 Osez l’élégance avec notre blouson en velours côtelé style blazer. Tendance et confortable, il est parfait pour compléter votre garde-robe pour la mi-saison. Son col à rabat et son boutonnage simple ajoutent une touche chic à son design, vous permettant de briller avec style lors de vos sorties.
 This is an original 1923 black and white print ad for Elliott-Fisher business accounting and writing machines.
# # # # # # #
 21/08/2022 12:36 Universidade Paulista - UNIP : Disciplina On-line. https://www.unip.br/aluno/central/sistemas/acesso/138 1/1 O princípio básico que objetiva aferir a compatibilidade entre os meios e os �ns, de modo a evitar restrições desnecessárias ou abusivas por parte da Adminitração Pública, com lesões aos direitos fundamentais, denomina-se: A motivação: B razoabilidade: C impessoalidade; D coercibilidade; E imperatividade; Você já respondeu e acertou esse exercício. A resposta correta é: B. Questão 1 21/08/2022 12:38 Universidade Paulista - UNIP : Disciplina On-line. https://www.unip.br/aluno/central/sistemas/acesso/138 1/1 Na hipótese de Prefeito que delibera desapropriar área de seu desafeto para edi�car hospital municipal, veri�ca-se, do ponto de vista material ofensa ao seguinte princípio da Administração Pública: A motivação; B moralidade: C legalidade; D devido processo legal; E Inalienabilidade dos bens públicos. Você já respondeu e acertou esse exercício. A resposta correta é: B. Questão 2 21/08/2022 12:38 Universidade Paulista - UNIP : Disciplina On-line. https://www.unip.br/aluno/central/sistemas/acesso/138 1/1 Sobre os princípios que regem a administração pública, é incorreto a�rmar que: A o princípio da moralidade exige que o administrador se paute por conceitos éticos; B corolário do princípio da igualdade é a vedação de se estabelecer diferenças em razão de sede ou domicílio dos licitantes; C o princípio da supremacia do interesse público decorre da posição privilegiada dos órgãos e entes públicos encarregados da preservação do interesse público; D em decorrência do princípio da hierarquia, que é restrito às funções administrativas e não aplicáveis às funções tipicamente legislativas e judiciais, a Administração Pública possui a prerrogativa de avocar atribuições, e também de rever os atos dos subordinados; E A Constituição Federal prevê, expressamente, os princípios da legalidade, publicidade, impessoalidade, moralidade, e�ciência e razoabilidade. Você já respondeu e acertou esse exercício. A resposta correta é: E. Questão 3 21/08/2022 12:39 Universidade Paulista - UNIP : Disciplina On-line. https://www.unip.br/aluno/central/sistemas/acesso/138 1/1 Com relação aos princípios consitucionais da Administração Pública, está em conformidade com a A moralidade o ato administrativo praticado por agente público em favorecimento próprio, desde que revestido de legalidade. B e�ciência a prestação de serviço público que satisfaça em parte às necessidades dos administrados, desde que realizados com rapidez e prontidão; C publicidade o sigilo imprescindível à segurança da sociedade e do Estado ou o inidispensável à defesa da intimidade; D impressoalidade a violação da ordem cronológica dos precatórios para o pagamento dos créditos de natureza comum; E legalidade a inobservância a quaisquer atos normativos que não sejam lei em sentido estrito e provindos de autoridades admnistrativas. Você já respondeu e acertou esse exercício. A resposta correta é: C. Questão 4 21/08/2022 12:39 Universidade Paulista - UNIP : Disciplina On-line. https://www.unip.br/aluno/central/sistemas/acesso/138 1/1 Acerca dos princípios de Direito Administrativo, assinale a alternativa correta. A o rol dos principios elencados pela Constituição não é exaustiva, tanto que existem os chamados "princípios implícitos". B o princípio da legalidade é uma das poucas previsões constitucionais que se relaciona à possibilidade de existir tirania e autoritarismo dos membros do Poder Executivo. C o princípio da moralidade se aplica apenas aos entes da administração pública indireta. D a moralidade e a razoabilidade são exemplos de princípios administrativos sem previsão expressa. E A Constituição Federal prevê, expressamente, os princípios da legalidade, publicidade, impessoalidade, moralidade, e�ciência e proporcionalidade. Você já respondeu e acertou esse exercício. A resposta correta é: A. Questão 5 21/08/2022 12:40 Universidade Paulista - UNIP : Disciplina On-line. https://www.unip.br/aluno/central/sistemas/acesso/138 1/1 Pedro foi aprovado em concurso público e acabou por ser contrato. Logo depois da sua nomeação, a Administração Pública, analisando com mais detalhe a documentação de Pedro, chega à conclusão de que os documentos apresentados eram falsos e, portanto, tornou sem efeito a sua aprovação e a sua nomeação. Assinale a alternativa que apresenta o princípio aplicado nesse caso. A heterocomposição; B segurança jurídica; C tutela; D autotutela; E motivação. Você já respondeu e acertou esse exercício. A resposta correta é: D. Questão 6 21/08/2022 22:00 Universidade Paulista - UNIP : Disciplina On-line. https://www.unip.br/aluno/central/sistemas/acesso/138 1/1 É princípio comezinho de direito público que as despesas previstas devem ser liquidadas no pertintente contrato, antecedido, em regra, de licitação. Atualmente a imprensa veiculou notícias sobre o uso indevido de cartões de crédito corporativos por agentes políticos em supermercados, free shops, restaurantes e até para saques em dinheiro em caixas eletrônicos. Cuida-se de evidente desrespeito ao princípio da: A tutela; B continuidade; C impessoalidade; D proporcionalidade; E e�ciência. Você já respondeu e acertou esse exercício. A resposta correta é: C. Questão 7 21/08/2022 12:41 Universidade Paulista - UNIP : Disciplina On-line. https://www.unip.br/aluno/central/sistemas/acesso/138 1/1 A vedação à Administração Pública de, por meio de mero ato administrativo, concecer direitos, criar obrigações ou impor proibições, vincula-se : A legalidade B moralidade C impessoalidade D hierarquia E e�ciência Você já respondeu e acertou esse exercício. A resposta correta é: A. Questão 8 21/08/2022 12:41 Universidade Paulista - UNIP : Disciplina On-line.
# # # # # # #
## Activity
Print the lines above from the one with "Osez l’élégance avec" through the one with "This is an original", both included, exactly as written and nothing more.

## Answer to the exercise
 Osez l’élégance avec notre blouson en velours côtelé style blazer. Tendance et confortable, il est parfait pour compléter votre garde-robe pour la mi-saison. Son col à rabat et son boutonnage simple ajoutent une touche chic à son design, vous permettant de briller avec style lors de vos sorties.
 This is an original 1923 black and white print ad for Elliott-Fisher business accounting and writing machines.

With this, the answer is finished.